**What you need to do:** Copy all records exactly, excluding images.

------ Records for processing

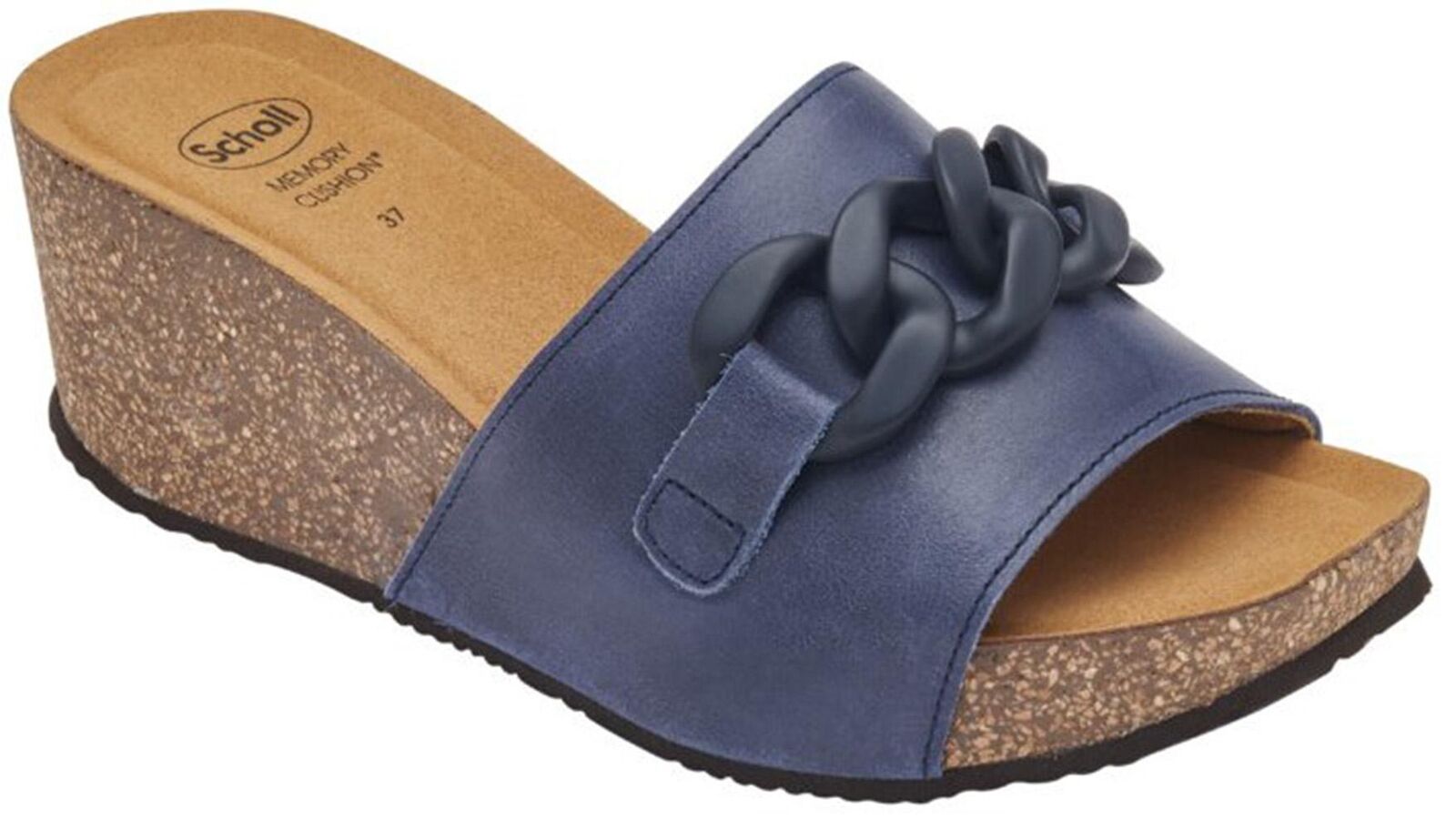 “La sua maxi catena effetto acciaio brunito aggiunge un tocco abbagliante alla linea Ravello, donando movimento e stile ad ogni passo per esaltare l’abbigliamento estivo sia in termini di stile che di comfort. I sandali Ravello possono essere indossati tutto il giorno grazie al tipico comfort Scholl garantito dalla comoda fascia che abbraccia morbidamente il piede e dal plantare Scholl Bioprintu00ae. Altezza tacco 60mm Tomaia in pelle
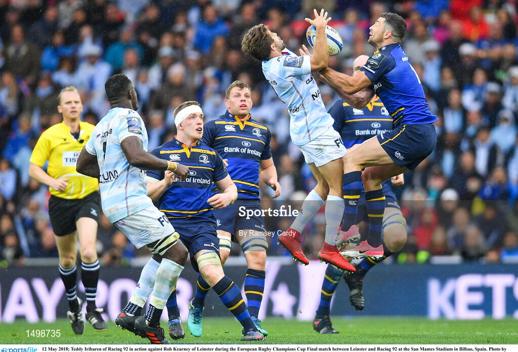 12 May 2018; Teddy Iribaren of Racing 92 in action against Rob Kearney of Leinster during the European Rugby Champions Cup Final match between Leinster and Racing 92 at the San Mames Stadium in Bilbao, Spain. Photo by Ramsey Cardy/Sportsfile
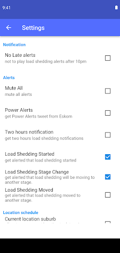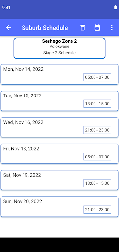 Fornece alertas e cronogramas de derramamento de carga para áreas onde a energia é fornecida pela Eskom e pelos municípios, com lembretes de quando o derramamento de carga será implementado e os tweets de alerta de energia da ESKOM, este é o seu aplicativo para o lançamento de carga.Com 36150 subúrbios cobertos e mais adicionados todos os dias.
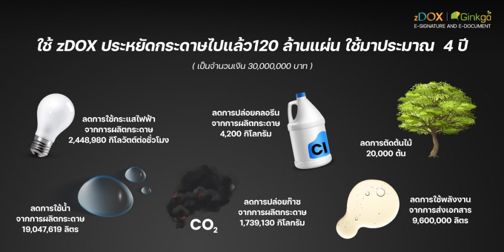 ในยุคที่เราต้องเผชิญกับปัญหาสิ่งแวดล้อม การลดการใช้กระดาษถือเป็นหนึ่งในวิธีที่สำคัญในการอนุรักษ์ทรัพยากรธรรมชาติ zDOX เป็นเครื่องมือที่ช่วยให้ผู้ใช้งานสามารถเซ็นและจัดการเอกสารต่าง ๆ ได้อย่างสะดวกและรวดเร็ว โดยไม่ต้องใช้กระดาษ ซึ่งช่วยลดการปล่อยก๊าซคาร์บอนจากการผลิตกระดาษและการขนส่ง นอกจากนี้ การใช้แอปเซ็นเอกสารยังช่วยเพิ่มประสิทธิภาพในการทำงาน ลดเวลาในการดำเนินการ และสร้างความยั่งยืนให้กับโลกของเราในระยะยาว ผ่านการใช้เทคโนโลยีที่เป็นมิตรกับสิ่งแวดล้อม เราสามารถร่วมมือกันในการสร้างอนาคตที่ดีกว่า โดยเริ่มต้นจากการเปลี่ยนแปลงในวิธีการทำงานของเราเอง ปัจจุบันผู้คนเปลี่ยนพฤติกรรมการใช้กระดาษ ให้ทันสมัยมากขึ้น zDOX จึงมีผลสรุปยอดการใช้กระดาษของลูกค้าทั้งหมด ในระยะเวลา 4 ปี ดังภาพนี้
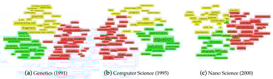 Accordingly, Figure 7 presents the keyword distributions of the highly interdisciplinary subfields from the density maps in 1991, 1995, and 2000. Keywords are extracted from titles and abstracts of journal articles published in the corresponding year, which are collected from the Web of Science [] by querying highly cited journal names of a same publication year within each subfield. In addition, keywords are color-coded by co-occurrence based clusters. Overall, about 13% of keywords are commonly used in a citing subfield with high affinity, while less than 5% of keywords are common between subfields with low or no affinities. That is, our estimated affinity between two subfields well reflects a close relation in their research. In more detail, Table A1 shows example keywords which are commonly used between the subfields in Figure 7 and the top three subfields with the highest affinities for each selected subfield. The keywords of citing subfields in Table A1 are one of the top mostly used 300 keywords, which are collected from individual papers’ keyword records in the Web of Science data.
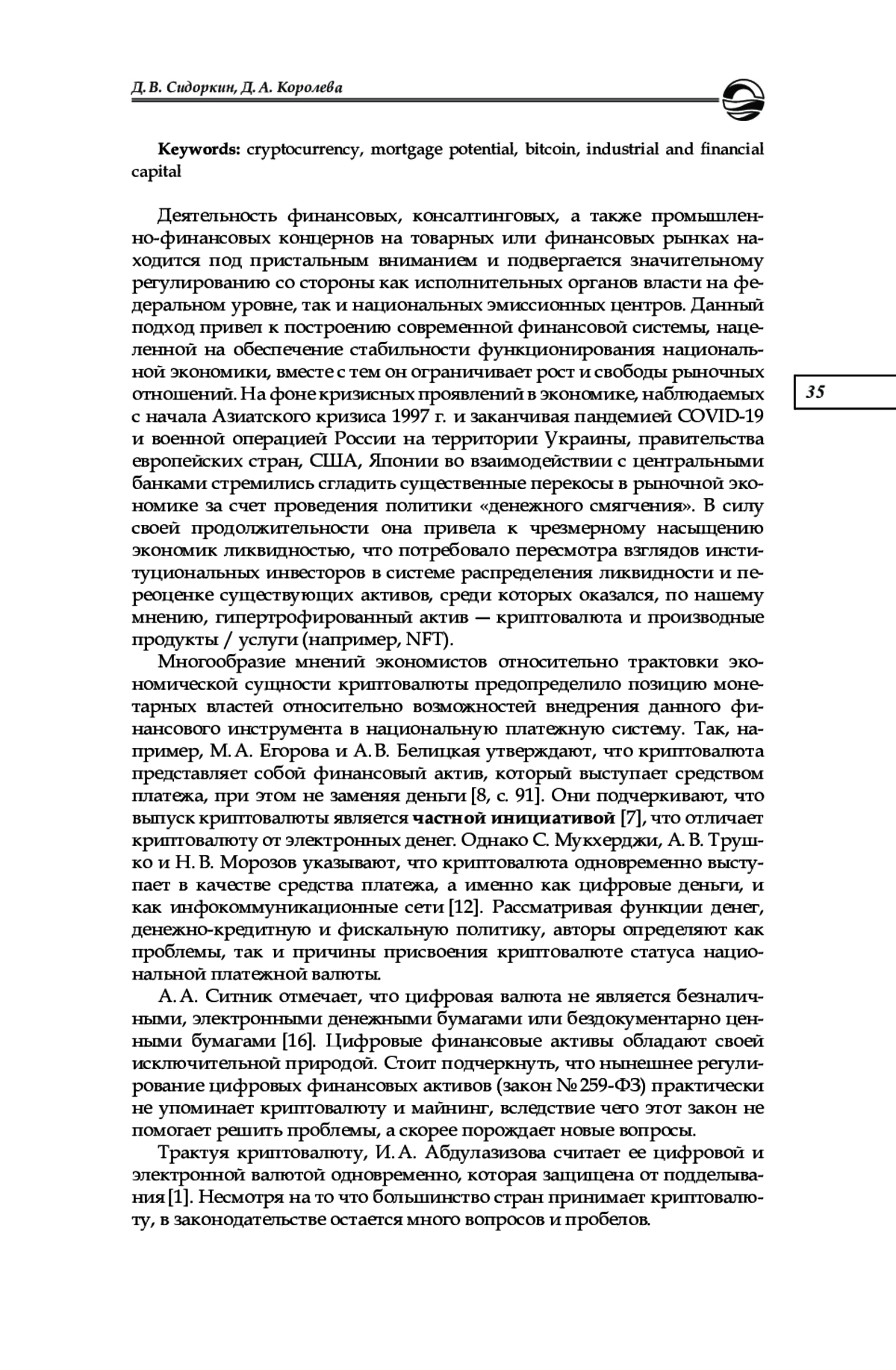 16. Ситник А. А. Цифровые валюты: проблемы правового регулирования // Актуальные проблемы российского права. 2020. Т. 15, № 11. С. 103-113. EDN: DVJDFY

------------

**Solution for this task:**
 “La sua maxi catena effetto acciaio brunito aggiunge un tocco abbagliante alla linea Ravello, donando movimento e stile ad ogni passo per esaltare l’abbigliamento estivo sia in termini di stile che di comfort. I sandali Ravello possono essere indossati tutto il giorno grazie al tipico comfort Scholl garantito dalla comoda fascia che abbraccia morbidamente il piede e dal plantare Scholl Bioprintu00ae. Altezza tacco 60mm Tomaia in pelle
 12 May 2018; Teddy Iribaren of Racing 92 in action against Rob Kearney of Leinster during the European Rugby Champions Cup Final match between Leinster and Racing 92 at the San Mames Stadium in Bilbao, Spain. Photo by Ramsey Cardy/Sportsfile
 Fornece alertas e cronogramas de derramamento de carga para áreas onde a energia é fornecida pela Eskom e pelos municípios, com lembretes de quando o derramamento de carga será implementado e os tweets de alerta de energia da ESKOM, este é o seu aplicativo para o lançamento de carga.Com 36150 subúrbios cobertos e mais adicionados todos os dias.
 ในยุคที่เราต้องเผชิญกับปัญหาสิ่งแวดล้อม การลดการใช้กระดาษถือเป็นหนึ่งในวิธีที่สำคัญในการอนุรักษ์ทรัพยากรธรรมชาติ zDOX เป็นเครื่องมือที่ช่วยให้ผู้ใช้งานสามารถเซ็นและจัดการเอกสารต่าง ๆ ได้อย่างสะดวกและรวดเร็ว โดยไม่ต้องใช้กระดาษ ซึ่งช่วยลดการปล่อยก๊าซคาร์บอนจากการผลิตกระดาษและการขนส่ง นอกจากนี้ การใช้แอปเซ็นเอกสารยังช่วยเพิ่มประสิทธิภาพในการทำงาน ลดเวลาในการดำเนินการ และสร้างความยั่งยืนให้กับโลกของเราในระยะยาว ผ่านการใช้เทคโนโลยีที่เป็นมิตรกับสิ่งแวดล้อม เราสามารถร่วมมือกันในการสร้างอนาคตที่ดีกว่า โดยเริ่มต้นจากการเปลี่ยนแปลงในวิธีการทำงานของเราเอง ปัจจุบันผู้คนเปลี่ยนพฤติกรรมการใช้กระดาษ ให้ทันสมัยมากขึ้น zDOX จึงมีผลสรุปยอดการใช้กระดาษของลูกค้าทั้งหมด ในระยะเวลา 4 ปี ดังภาพนี้
 Accordingly, Figure 7 presents the keyword distributions of the highly interdisciplinary subfields from the density maps in 1991, 1995, and 2000. Keywords are extracted from titles and abstracts of journal articles published in the corresponding year, which are collected from the Web of Science [] by querying highly cited journal names of a same publication year within each subfield. In addition, keywords are color-coded by co-occurrence based clusters. Overall, about 13% of keywords are commonly used in a citing subfield with high affinity, while less than 5% of keywords are common between subfields with low or no affinities. That is, our estimated affinity between two subfields well reflects a close relation in their research. In more detail, Table A1 shows example keywords which are commonly used between the subfields in Figure 7 and the top three subfields with the highest affinities for each selected subfield. The keywords of citing subfields in Table A1 are one of the top mostly used 300 keywords, which are collected from individual papers’ keyword records in the Web of Science data.
 16. Ситник А. А. Цифровые валюты: проблемы правового регулирования // Актуальные проблемы российского права. 2020. Т. 15, № 11. С. 103-113. EDN: DVJDFY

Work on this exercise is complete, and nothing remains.